§ **EXERCISE AIM**: Everything in the listing below must be set down again exactly, apart from the pictures.

§ **RECORDS SUPPLIED**:

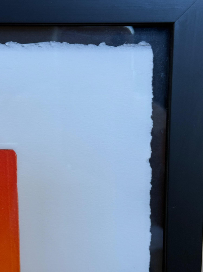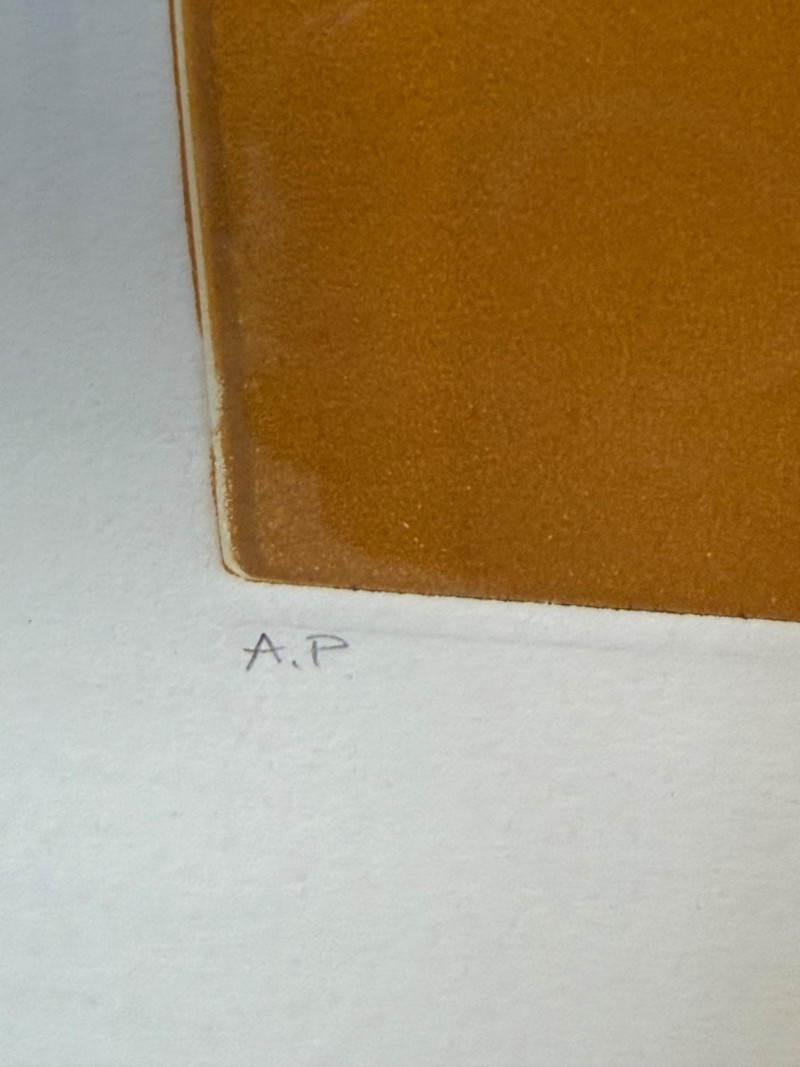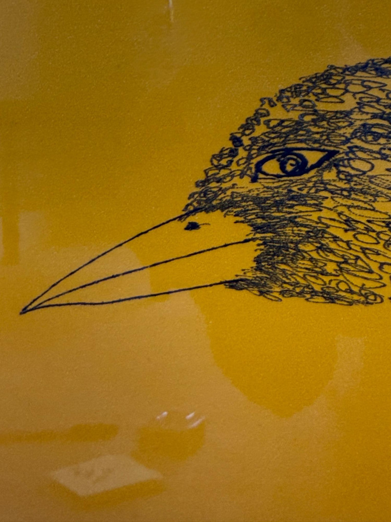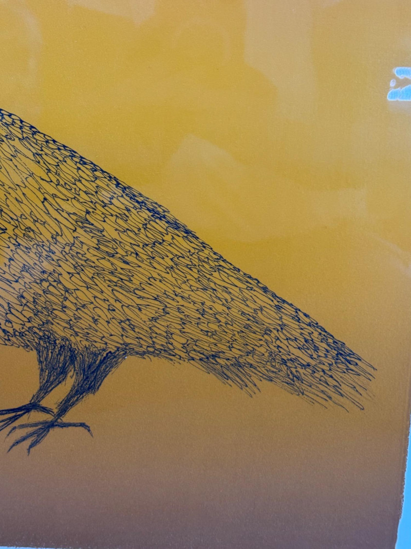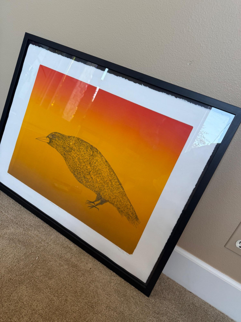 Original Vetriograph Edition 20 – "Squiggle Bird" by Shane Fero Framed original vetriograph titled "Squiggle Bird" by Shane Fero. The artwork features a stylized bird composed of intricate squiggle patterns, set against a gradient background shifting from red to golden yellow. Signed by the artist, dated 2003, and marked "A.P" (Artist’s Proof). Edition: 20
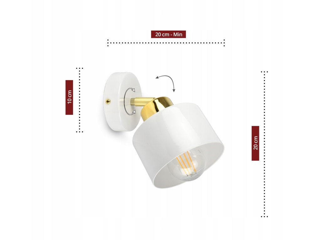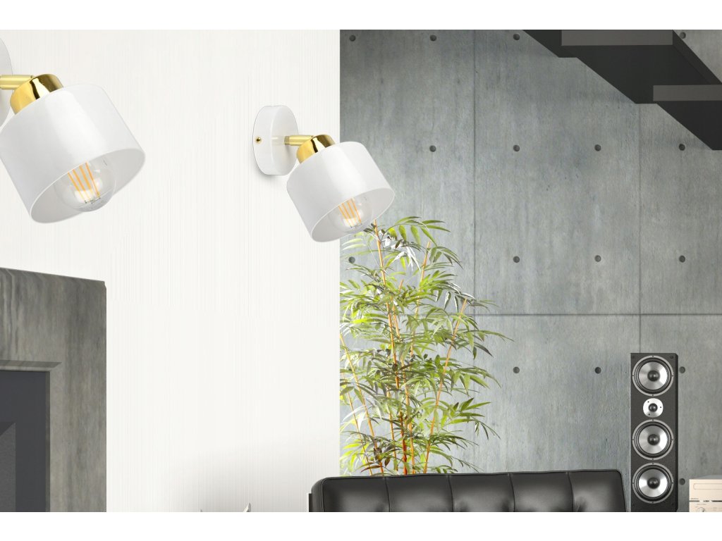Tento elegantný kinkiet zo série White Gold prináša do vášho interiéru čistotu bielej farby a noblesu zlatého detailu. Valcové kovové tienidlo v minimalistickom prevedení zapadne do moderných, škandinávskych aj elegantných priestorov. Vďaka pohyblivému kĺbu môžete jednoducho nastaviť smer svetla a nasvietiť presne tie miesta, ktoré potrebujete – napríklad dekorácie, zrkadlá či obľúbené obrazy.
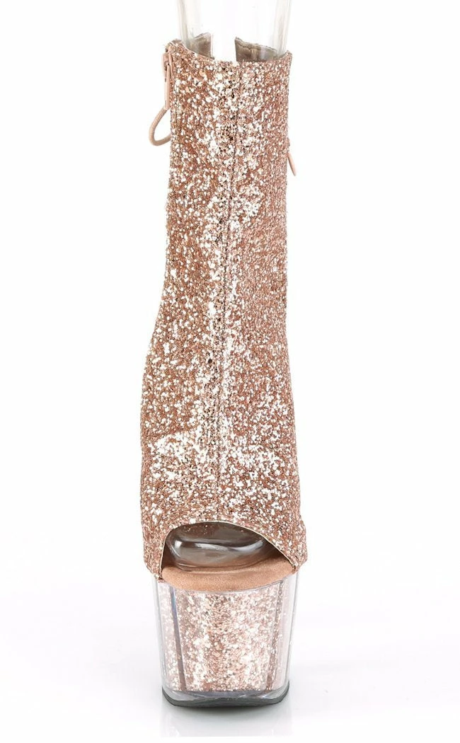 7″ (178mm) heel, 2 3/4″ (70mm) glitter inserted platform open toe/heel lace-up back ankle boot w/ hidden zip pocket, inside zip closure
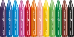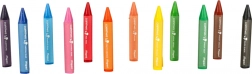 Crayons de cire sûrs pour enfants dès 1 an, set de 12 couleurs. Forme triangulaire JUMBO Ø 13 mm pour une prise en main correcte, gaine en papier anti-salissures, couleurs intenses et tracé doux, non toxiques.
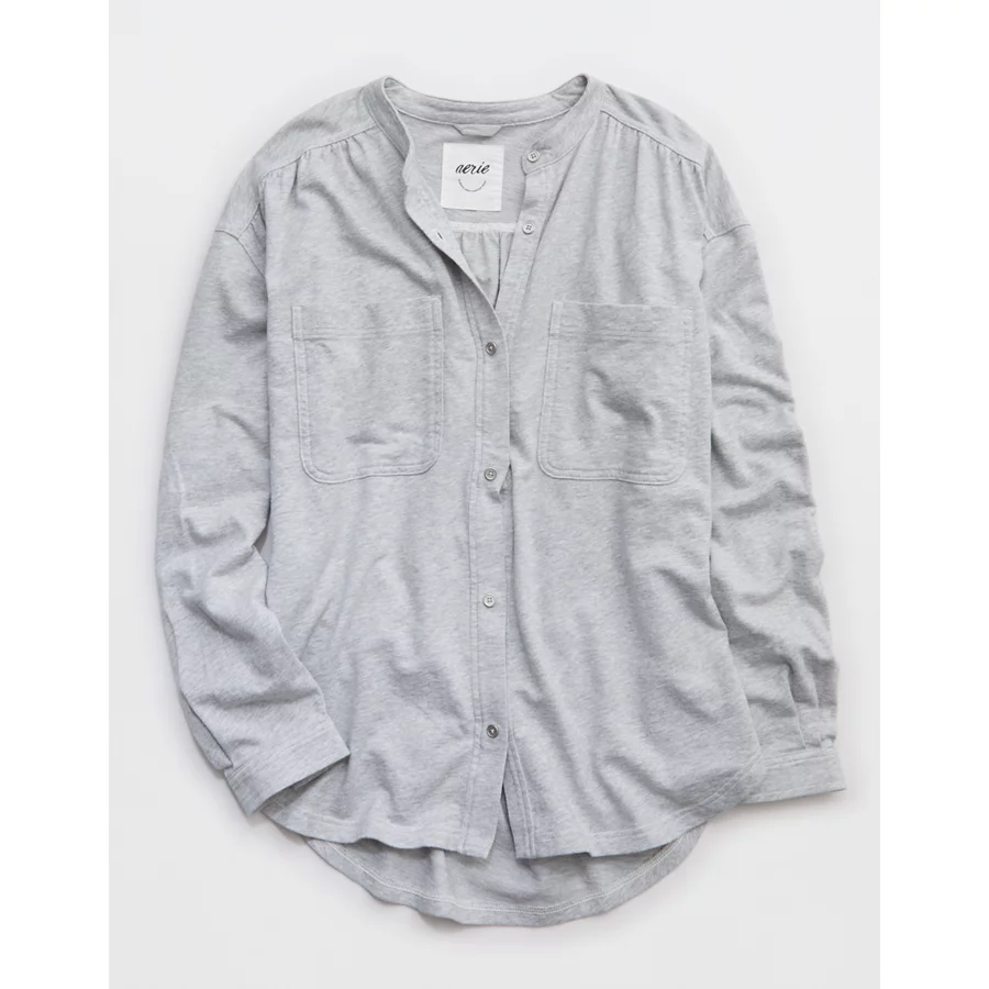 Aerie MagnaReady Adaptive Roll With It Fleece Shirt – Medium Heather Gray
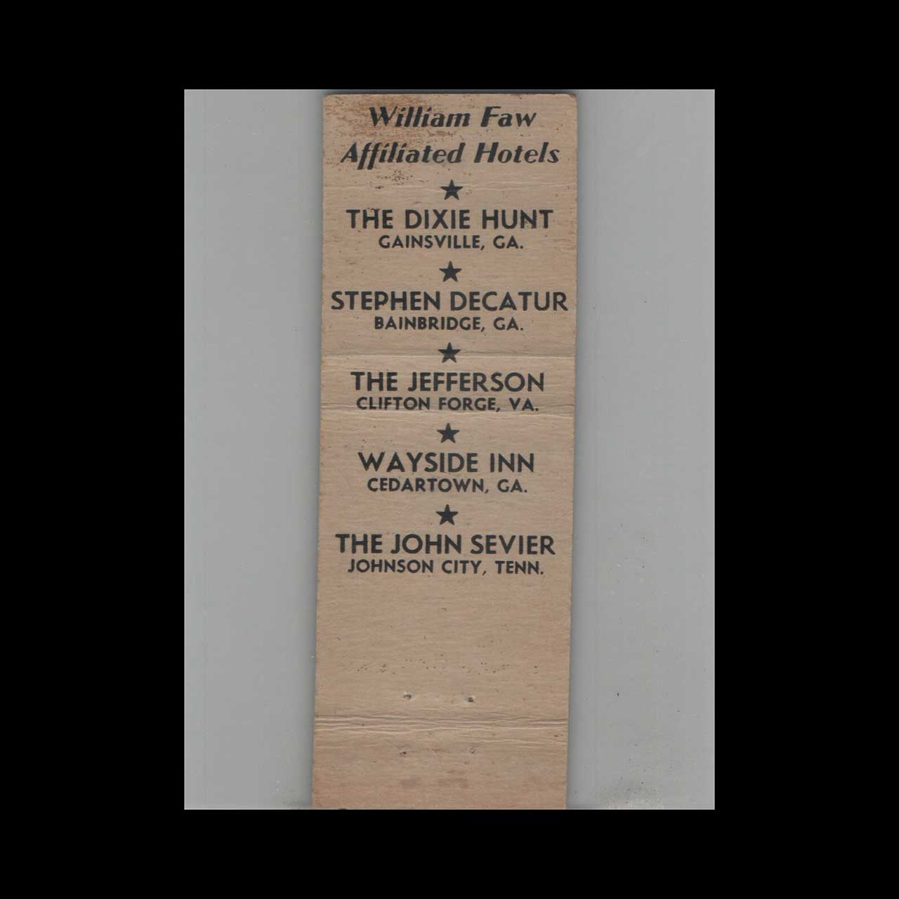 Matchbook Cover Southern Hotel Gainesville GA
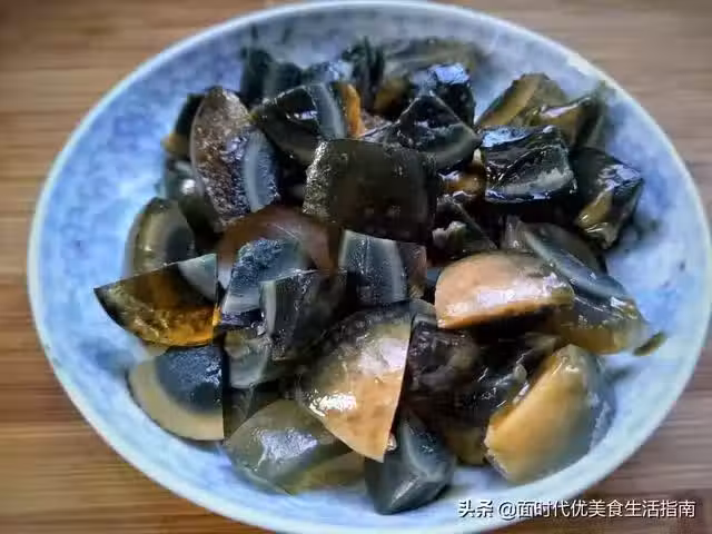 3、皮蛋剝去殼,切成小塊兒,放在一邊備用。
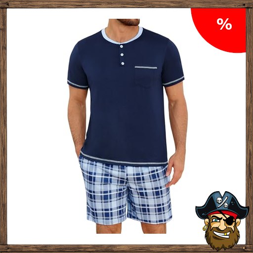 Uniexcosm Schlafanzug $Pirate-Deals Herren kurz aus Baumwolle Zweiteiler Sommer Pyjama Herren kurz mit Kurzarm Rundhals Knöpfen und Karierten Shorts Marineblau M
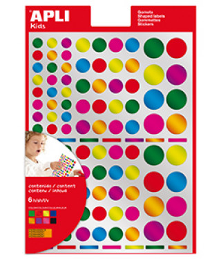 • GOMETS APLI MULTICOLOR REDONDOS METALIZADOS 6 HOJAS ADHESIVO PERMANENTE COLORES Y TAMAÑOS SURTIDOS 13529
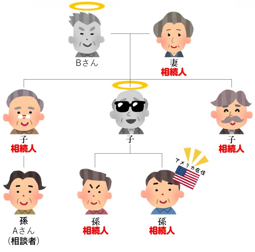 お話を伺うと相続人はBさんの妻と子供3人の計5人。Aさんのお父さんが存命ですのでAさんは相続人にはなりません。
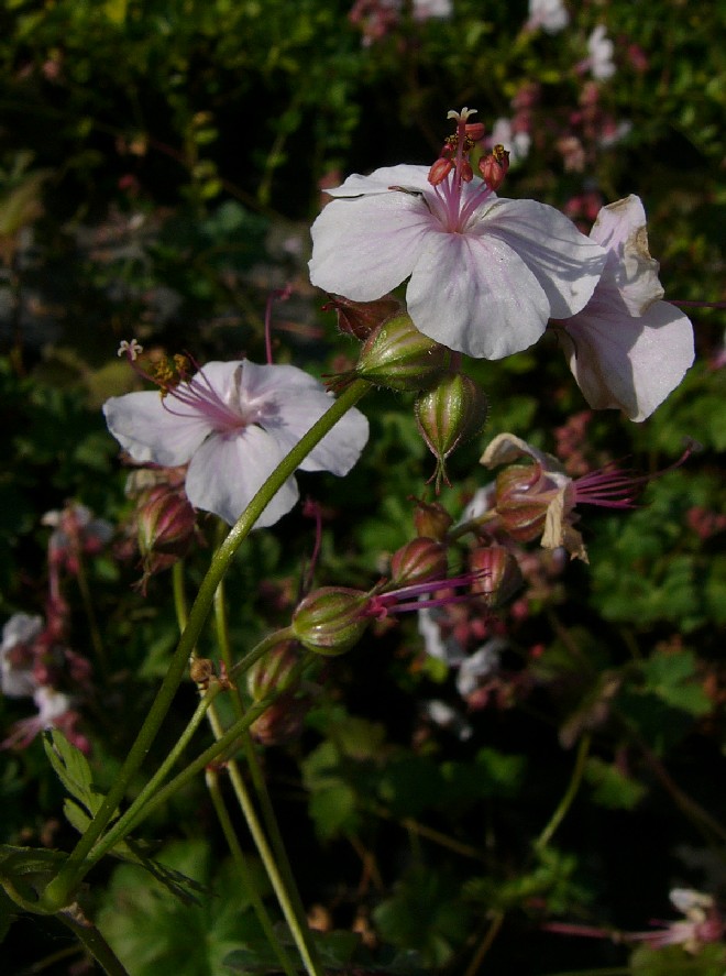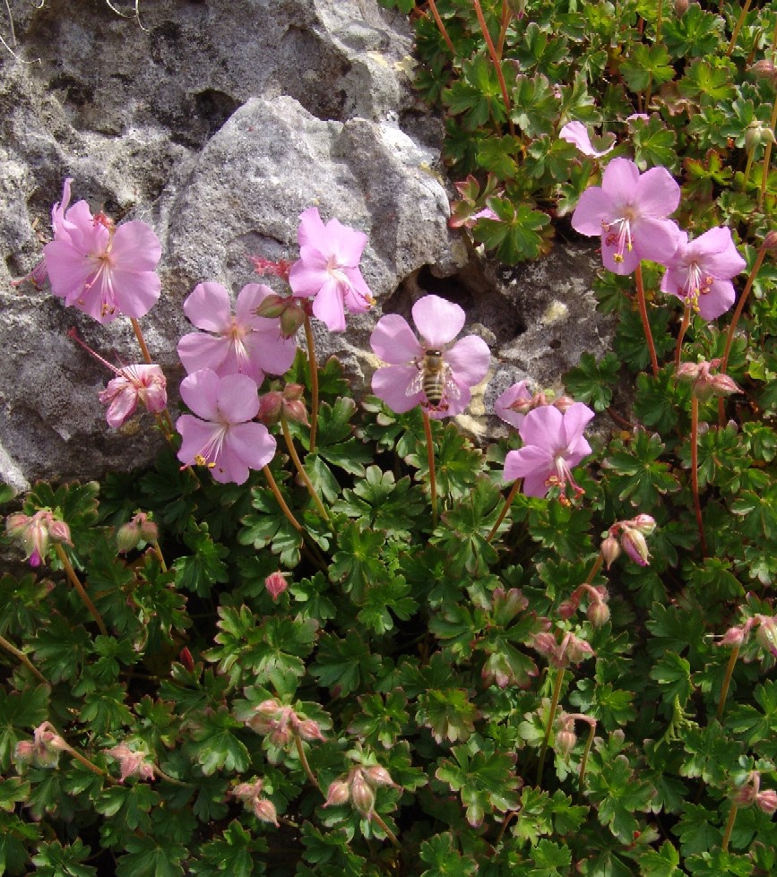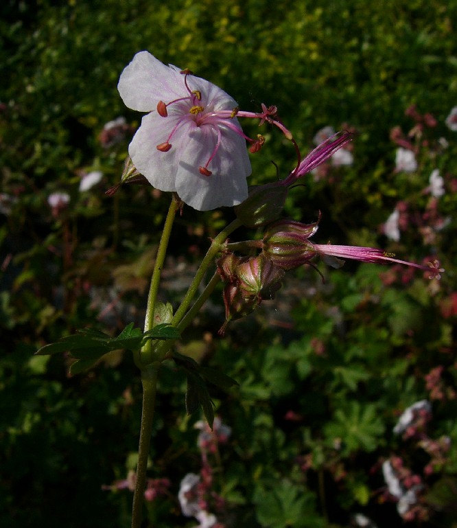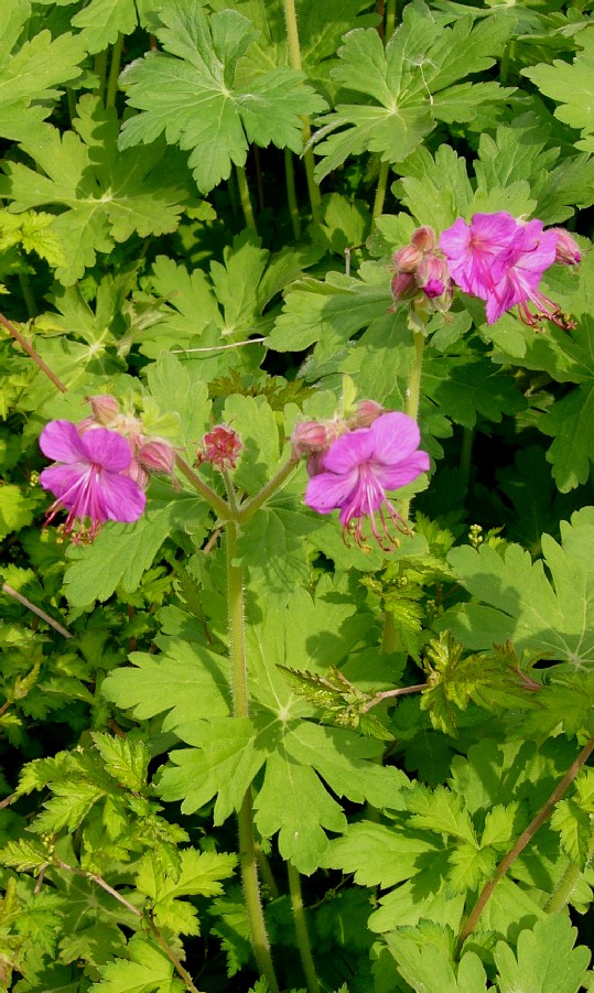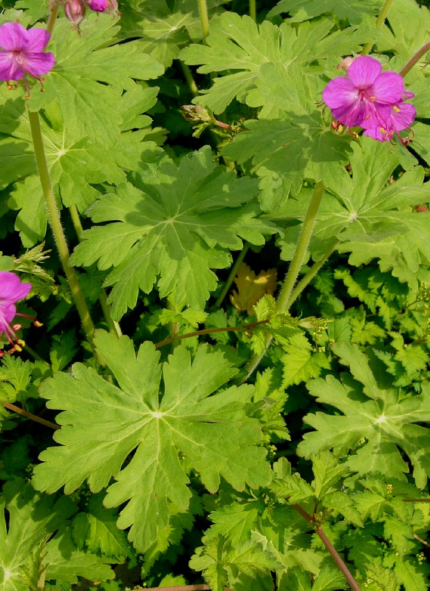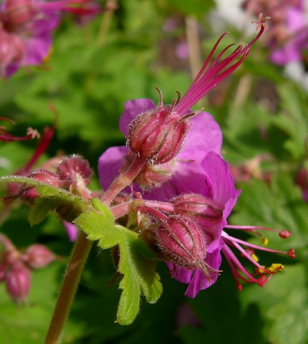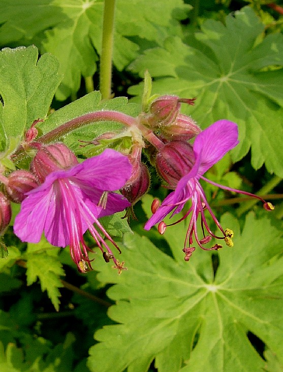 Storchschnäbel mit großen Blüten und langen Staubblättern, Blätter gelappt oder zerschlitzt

§ **RESPONSE BELOW**:
 Original Vetriograph Edition 20 – "Squiggle Bird" by Shane Fero Framed original vetriograph titled "Squiggle Bird" by Shane Fero. The artwork features a stylized bird composed of intricate squiggle patterns, set against a gradient background shifting from red to golden yellow. Signed by the artist, dated 2003, and marked "A.P" (Artist’s Proof). Edition: 20
Tento elegantný kinkiet zo série White Gold prináša do vášho interiéru čistotu bielej farby a noblesu zlatého detailu. Valcové kovové tienidlo v minimalistickom prevedení zapadne do moderných, škandinávskych aj elegantných priestorov. Vďaka pohyblivému kĺbu môžete jednoducho nastaviť smer svetla a nasvietiť presne tie miesta, ktoré potrebujete – napríklad dekorácie, zrkadlá či obľúbené obrazy.
 7″ (178mm) heel, 2 3/4″ (70mm) glitter inserted platform open toe/heel lace-up back ankle boot w/ hidden zip pocket, inside zip closure
 Crayons de cire sûrs pour enfants dès 1 an, set de 12 couleurs. Forme triangulaire JUMBO Ø 13 mm pour une prise en main correcte, gaine en papier anti-salissures, couleurs intenses et tracé doux, non toxiques.
 Aerie MagnaReady Adaptive Roll With It Fleece Shirt – Medium Heather Gray
 Matchbook Cover Southern Hotel Gainesville GA
 3、皮蛋剝去殼,切成小塊兒,放在一邊備用。
 Uniexcosm Schlafanzug $Pirate-Deals Herren kurz aus Baumwolle Zweiteiler Sommer Pyjama Herren kurz mit Kurzarm Rundhals Knöpfen und Karierten Shorts Marineblau M
 • GOMETS APLI MULTICOLOR REDONDOS METALIZADOS 6 HOJAS ADHESIVO PERMANENTE COLORES Y TAMAÑOS SURTIDOS 13529
 お話を伺うと相続人はBさんの妻と子供3人の計5人。Aさんのお父さんが存命ですのでAさんは相続人にはなりません。
 Storchschnäbel mit großen Blüten und langen Staubblättern, Blätter gelappt oder zerschlitzt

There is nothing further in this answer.